* [ASSIGNED TASK]
Although the data below contains pictures, please reproduce only its words, exactly.

* [SUPPLIED DATA]

+++

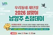 코리아타임뉴스 경기취재본부 | 남양주시는 10일부터 22일까지 시 전역에서 ‘설맞이 우리동네 새단장 남양주 쓰담데이 집중 추진기간’을 운영한다고 밝혔다. 이번 집중 추진은 설 명절을 앞두고 생활권 주변 환경을 정비하고 시민이 일상 속에서 실천하는 환경정화 활동을 확산하기 위해 마련됐다. ‘남양주 쓰담데이’는 시가 운영하는 대표적인 시민참여형 환경정화 프로그램이다. 특히 이번 쓰담데이는 행정안전부가 추진하는 전국 단위 환경정화 캠페인 ‘우리동네 새단장’과 연계해 추진한다. 지역별·단체별 자율 참여를 통해 공동체 중심의 환경 개선 활동을 확산하는 데 의미를 둔다. 2026년 현재 쓰담데이에는 약 5,200명과 277개 단체가 참여한다. △환경보호단체 △지역사회단체 △우리아파트봉사단 △상인회 등 다양한 주체가 정기적인 활동을 이어가고 있다. 시는 이번 집중 추진기간을 통해 명절 전 도시 환경을 정비하고, 시민 주도의 환경보전 실천 분위기를 확산시킬 방침이다. 이후에도 시민 중심의 자율적인 마을 단위 쓰담데이를 위한 행정적 지원을 지속할 계획이다. 쓰담데이 참여를 희망하는 시민은 남양주시 자원
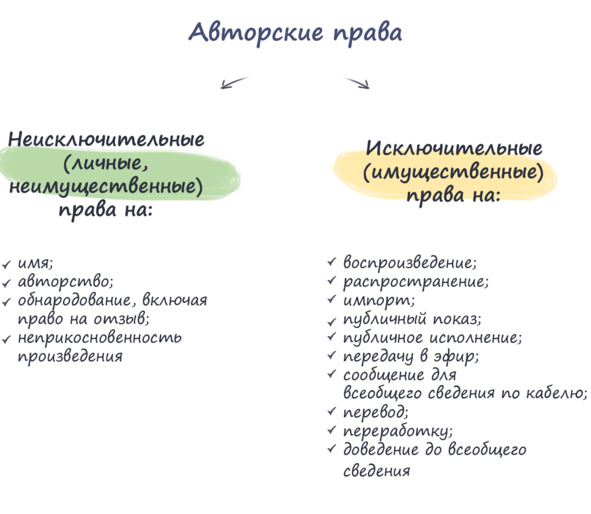 Чтобы её распутать, вернёмся к авторству. Автор – не просто гордое звание, чтобы впечатлить сына маминой подруги. Авторство подразумевает наличие целого ряда прав. Их можно разделить на две большие группы.
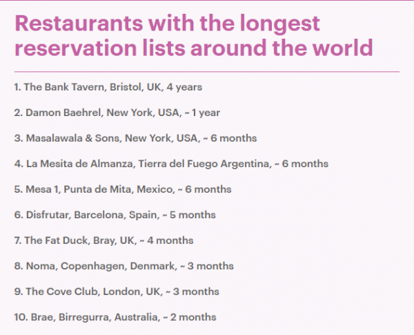 Το Fat Duck στο χωριό Μπρέι έρχεται στην έβδομη θέση με χρόνο αναμονής τεσσάρων μηνών και το Cove Club στο Λονδίνο είναι ένατο χάρη στη λίστα κρατήσεων τριών μηνών.

+++

* [RESPONSE BOX]
 코리아타임뉴스 경기취재본부 | 남양주시는 10일부터 22일까지 시 전역에서 ‘설맞이 우리동네 새단장 남양주 쓰담데이 집중 추진기간’을 운영한다고 밝혔다. 이번 집중 추진은 설 명절을 앞두고 생활권 주변 환경을 정비하고 시민이 일상 속에서 실천하는 환경정화 활동을 확산하기 위해 마련됐다. ‘남양주 쓰담데이’는 시가 운영하는 대표적인 시민참여형 환경정화 프로그램이다. 특히 이번 쓰담데이는 행정안전부가 추진하는 전국 단위 환경정화 캠페인 ‘우리동네 새단장’과 연계해 추진한다. 지역별·단체별 자율 참여를 통해 공동체 중심의 환경 개선 활동을 확산하는 데 의미를 둔다. 2026년 현재 쓰담데이에는 약 5,200명과 277개 단체가 참여한다. △환경보호단체 △지역사회단체 △우리아파트봉사단 △상인회 등 다양한 주체가 정기적인 활동을 이어가고 있다. 시는 이번 집중 추진기간을 통해 명절 전 도시 환경을 정비하고, 시민 주도의 환경보전 실천 분위기를 확산시킬 방침이다. 이후에도 시민 중심의 자율적인 마을 단위 쓰담데이를 위한 행정적 지원을 지속할 계획이다. 쓰담데이 참여를 희망하는 시민은 남양주시 자원
 Чтобы её распутать, вернёмся к авторству. Автор – не просто гордое звание, чтобы впечатлить сына маминой подруги. Авторство подразумевает наличие целого ряда прав. Их можно разделить на две большие группы.
 Το Fat Duck στο χωριό Μπρέι έρχεται στην έβδομη θέση με χρόνο αναμονής τεσσάρων μηνών και το Cove Club στο Λονδίνο είναι ένατο χάρη στη λίστα κρατήσεων τριών μηνών.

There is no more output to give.